RECORDS SHOWN:
--- START ---

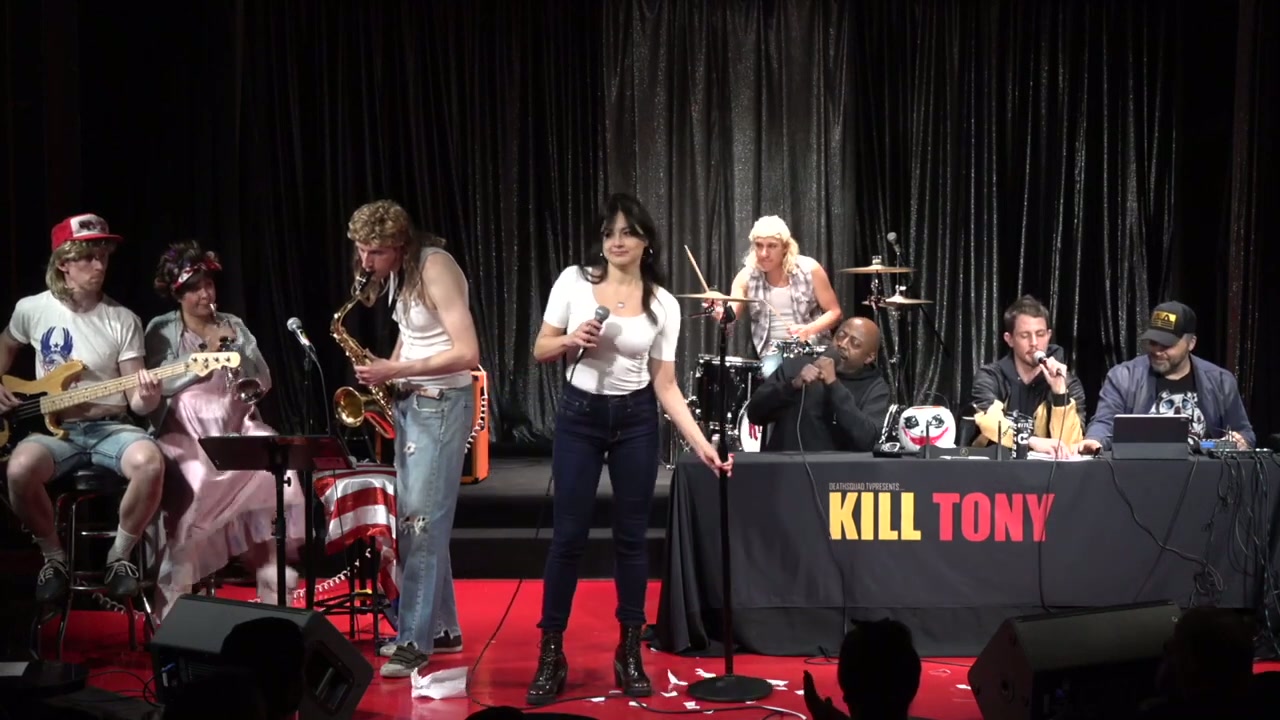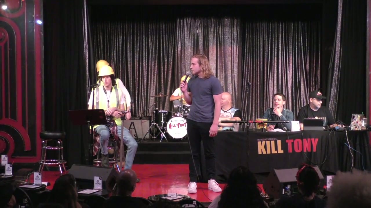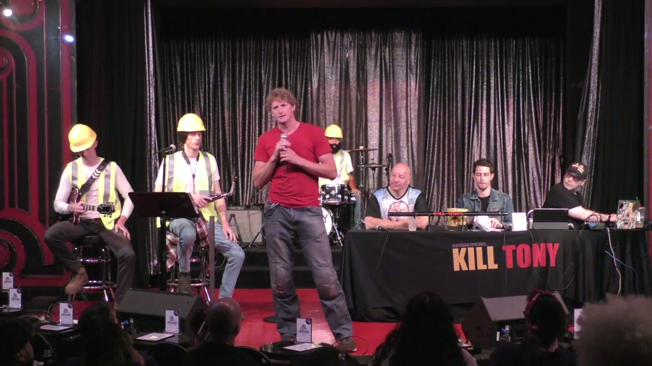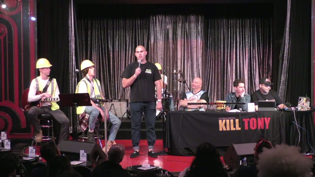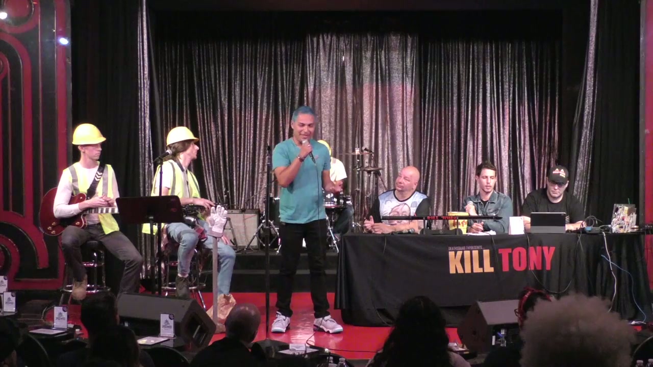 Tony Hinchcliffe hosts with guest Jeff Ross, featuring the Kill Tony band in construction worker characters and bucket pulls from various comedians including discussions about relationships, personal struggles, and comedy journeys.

--- END ---
--- START ---

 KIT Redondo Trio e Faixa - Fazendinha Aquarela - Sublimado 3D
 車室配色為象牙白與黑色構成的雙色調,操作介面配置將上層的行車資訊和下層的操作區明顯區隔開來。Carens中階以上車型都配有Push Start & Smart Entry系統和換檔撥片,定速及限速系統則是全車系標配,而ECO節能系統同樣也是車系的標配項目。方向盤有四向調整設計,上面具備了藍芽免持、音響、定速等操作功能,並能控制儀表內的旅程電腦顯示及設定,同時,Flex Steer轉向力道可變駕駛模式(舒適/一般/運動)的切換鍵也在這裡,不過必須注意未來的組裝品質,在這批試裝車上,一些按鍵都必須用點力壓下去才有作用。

--- END ---
--- START ---

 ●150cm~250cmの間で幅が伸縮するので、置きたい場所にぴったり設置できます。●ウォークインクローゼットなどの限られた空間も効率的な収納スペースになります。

--- END ---

DIRECTIONS: Above are the records. Copy the lines beginning at the one that has "KIT Redondo Trio" and ending with the one that has "Start & Smart", unchanged.

EXERCISE SOLUTION:
 KIT Redondo Trio e Faixa - Fazendinha Aquarela - Sublimado 3D
 車室配色為象牙白與黑色構成的雙色調,操作介面配置將上層的行車資訊和下層的操作區明顯區隔開來。Carens中階以上車型都配有Push Start & Smart Entry系統和換檔撥片,定速及限速系統則是全車系標配,而ECO節能系統同樣也是車系的標配項目。方向盤有四向調整設計,上面具備了藍芽免持、音響、定速等操作功能,並能控制儀表內的旅程電腦顯示及設定,同時,Flex Steer轉向力道可變駕駛模式(舒適/一般/運動)的切換鍵也在這裡,不過必須注意未來的組裝品質,在這批試裝車上,一些按鍵都必須用點力壓下去才有作用。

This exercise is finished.